1. Sysinternals utilities (Process Explorer, Filemon, Regmon, Autoruns, TCPView)
Sysinternals provides many small windows utilities that are quite useful for low-level windows hacking. Some are free of cost and/or include source code, while others are proprietary.

2. pfSense LiveCD
open source firewall derived from the m0n0wall operating system platform with radically different goals such as using OpenBSD's ported Packet Filter, FreeBSD 6.1 ALTQ (HFSC) for excellent packet queueing and finally an integrated package management system for extending the environment with new features.

3. AVG AntiVirus
AVG Anti-Virus Free is a free anti-virus protection tool developed by GRISOFT for home use.

4. ASSP
The Anti-Spam SMTP Proxy (ASSP) Server project is an open source platform-independent SMTP Proxy server which implements whitelists and Bayesian filtering to rid the planet of the blight of unsolicited email (UCE). UCE must be stopped at the SMTP server. Anti-spam tools must be adaptive to new spam and customized for each site's mail patterns. This free, easy-to-use tool works with any mail transport and achieves these goals requiring no operator intervention after the initial setup phase.

5. OpenVPN
OpenVPN is a full-featured SSL VPN solution which can accomodate a wide range of configurations, including remote access, site-to-site VPNs, WiFi security, and enterprise-scale remote access solutions with load balancing, failover, and fine-grained access-controls.

6. Kiwi Syslog (+ Snare agents)
Kiwi Syslog Daemon is a freeware Syslog Daemon for Windows. It receives, filters, logs, displays and forwards Syslog messages and SNMP traps from hosts such as routers, switches, Unix hosts and any other syslog enabled device.

Snare agents are syslog events generators for several platforms able to forward data to any syslog daemon on the network.

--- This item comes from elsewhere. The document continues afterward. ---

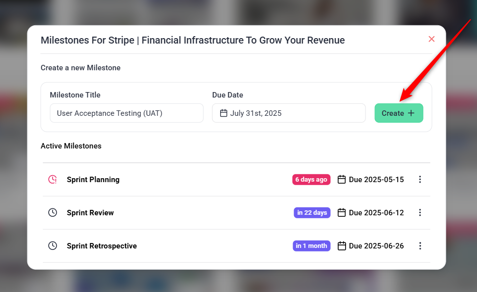 - Enter a clear name for the milestone (e.g., “Homepage Review,” “Final Approval”).

7. Snort (+ BASE + IDS Policy Manager)
This lightweight network intrusion detection and prevention system excels at traffic analysis and packet logging on IP networks. Through protocol analysis, content searching, and various pre-processors, Snort detects thousands of worms, vulnerability exploit attempts, port scans, and other suspicious behavior. Snort uses a flexible rule-based language to describe traffic that it should collect or pass, and a modular detection engine.

BASE is a PHP-based analysis engine to search and process a database of security events generated by various IDSs, firewalls, and network monitoring tools. Its features include a query-builder and search interface for finding alerts matching different patterns, a packet viewer/decoder, and charts and statistics based on time, sensor, signature, protocol, IP address, etc.

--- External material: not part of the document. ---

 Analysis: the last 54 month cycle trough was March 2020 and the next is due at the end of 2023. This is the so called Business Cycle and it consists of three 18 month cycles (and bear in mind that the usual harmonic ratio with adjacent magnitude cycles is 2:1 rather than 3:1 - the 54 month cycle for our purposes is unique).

IDS Policy Manager was written to manage Snort IDS sensors in a distributed environment.
This is done by having the ability to take the text configuration files and allow you to modify them with an easy to use Graphical interface. With the added ability to merge new rule sets, manage preprocessors, configure output modules and securely copy rules to sensors, IDS Policy Manager makes managing snort easy for most security professionals.

8. GnuPG
PGP is the famous encryption program by Phil Zimmerman which helps secure your data from eavesdroppers and other risks. GnuPG is a very well-regarded open source implementation of the PGP standard (the actual executable is named gpg).

9. Password Safe
Password Safe is an Open Source (free) tool that allows you to have a different password for all the different programs and websites that you deal with, without actually having to remember all those usernames and passwords.

10. TrueCrypt
TrueCrypt is an excellent open source disk encryption system. Users can encrypt entire filesystems, which are then on-the-fly encrypted/decrypted as needed without user intervention beyond entering their passphrase intially. A clever hidden volume feature allows you to hide a 2nd layer of particularly sensitive content with plausible deniability about whether it exists. Then if you are forced to give up your passphrase, you give them the first-level secret. Even with that, attackers cannot prove that a second level key even exists.


Note that all of them run on Windows (who said Microsoft platforms cannot be used for security?), except liveCDs and Yersinia (which I hope will be ported sooner or later).